When you want to match 0 or more stuff or 1 or more stuff, you can attach, a syntactic addition to the plus sign or to asterisk style and say, okay, match 0 or more elements or objects but they should be separated by by something and you just add the separator. In a classical parsing, what will you do? You will have to do that manually. You will have to say match this and then comma and this 0 or more time. But in, Textex, it's much shorter to write. There are also for example rule modifiers that doesn't exist in in x text but do exist in text text. There is a relatively recent addition of an order choice. An order choice is, when you have a sequence of thing that you want to match and you say, okay, match those sequence in any order.
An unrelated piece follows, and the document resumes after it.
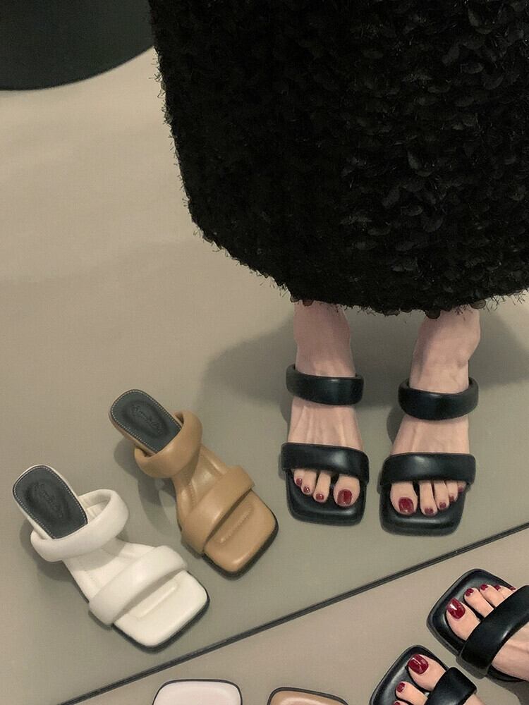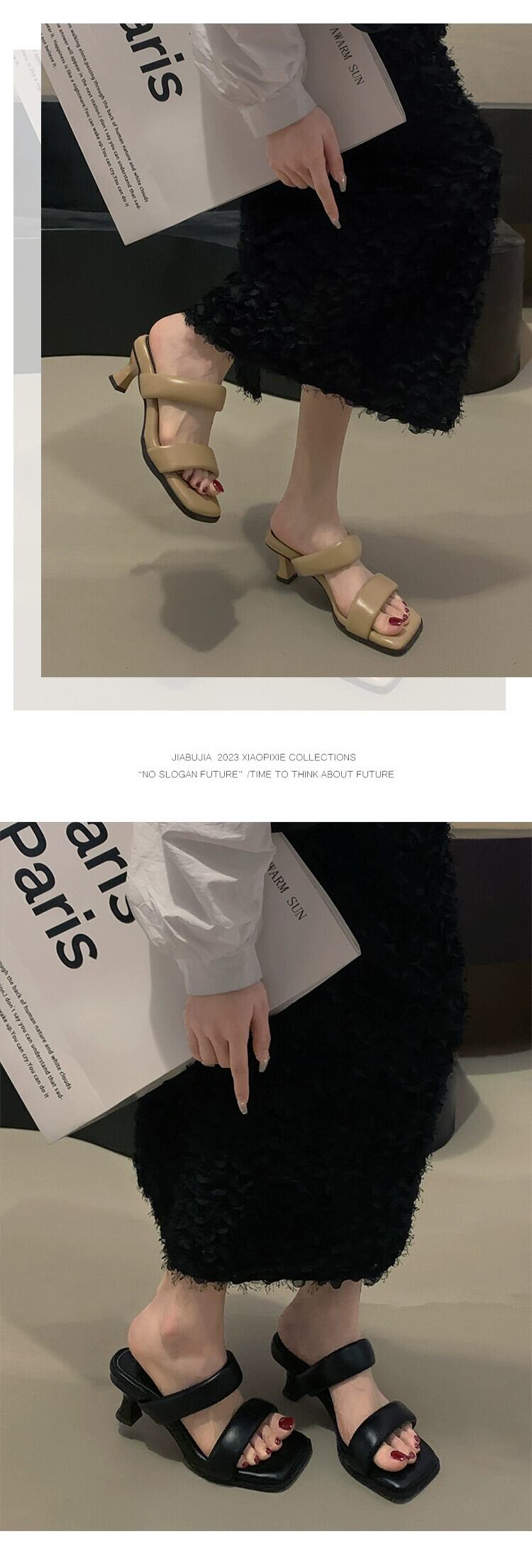 2023 年の夏に出かけるスティレットスクエアトゥサンダルとスリッパの女性の新しいファッションオールマッチレトロハイエンド気質ハイヒールシューズ 靴 ミュール サマー 夏物 スクウェア jxjxf49955825280
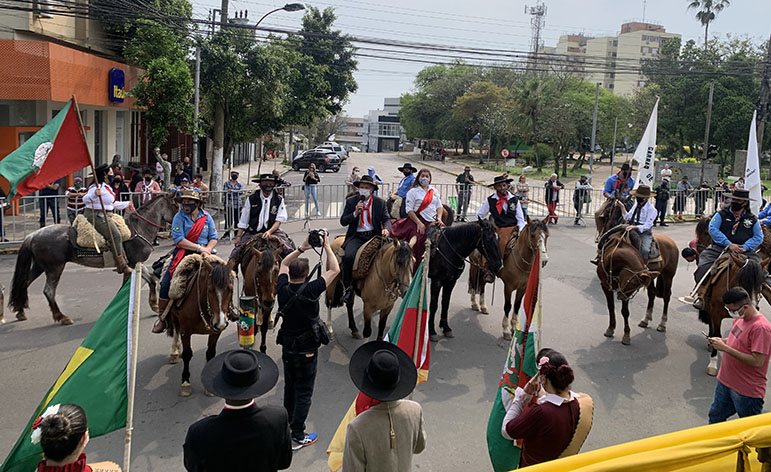 O ato aconteceu na Avenida Coronal Marcos de Andrade, no Centro da cidade, onde foi palco para entidades do movimento tradicionalista (CTGs, Piquetes, DTGs, e outros), que celebraram a Semana Farroupilha.

The text text or beneath our page, you will match all those elements, but in any order they are specified, which is very handy for some languages that define the key for example, some keywords that can be written in any in any order. So more or less that's that's about the design, the design itself. So the core core remained
[00:27:10] Unknown:
pretty much the same through all this time. And for people who are using Textex for building their own languages, you mentioned a little bit about the need for having the grammar definition and then being able to parse the written language of the end user and being able to generate the concrete model from that. But what is the overall end to end workflow of somebody who is defining a new language with TextX and then being able to distribute it to end users for them to be able to actually make use of that and develop within it?
[00:27:47] Unknown:
Well, the workflow can be, different depending on the on how complex your DSL is. So you can start very simple. Like, you can define your language embedded in a Python module. You can just write a string with a little grammar and then you can you can call, 1 function that will transform that string to the metamodel, and then you can use a metamodel. So it's just few lines of code if your language is very simple. But if you were developing something more complex, then you can, build the whole project, language project. And there is now a support for that in additional project called TextText Dev that can be installed together with TextText either by using p p install TextText with the with the dev as dependency or as a optional dependency, or you can directly install TextText dev. When you install that that project, it will add additional command to TextText called start project. So it's similar to, for example, how Django would create a new project. So you type text text start project and you get initial project answer answer to several question. And then the initial project is generated.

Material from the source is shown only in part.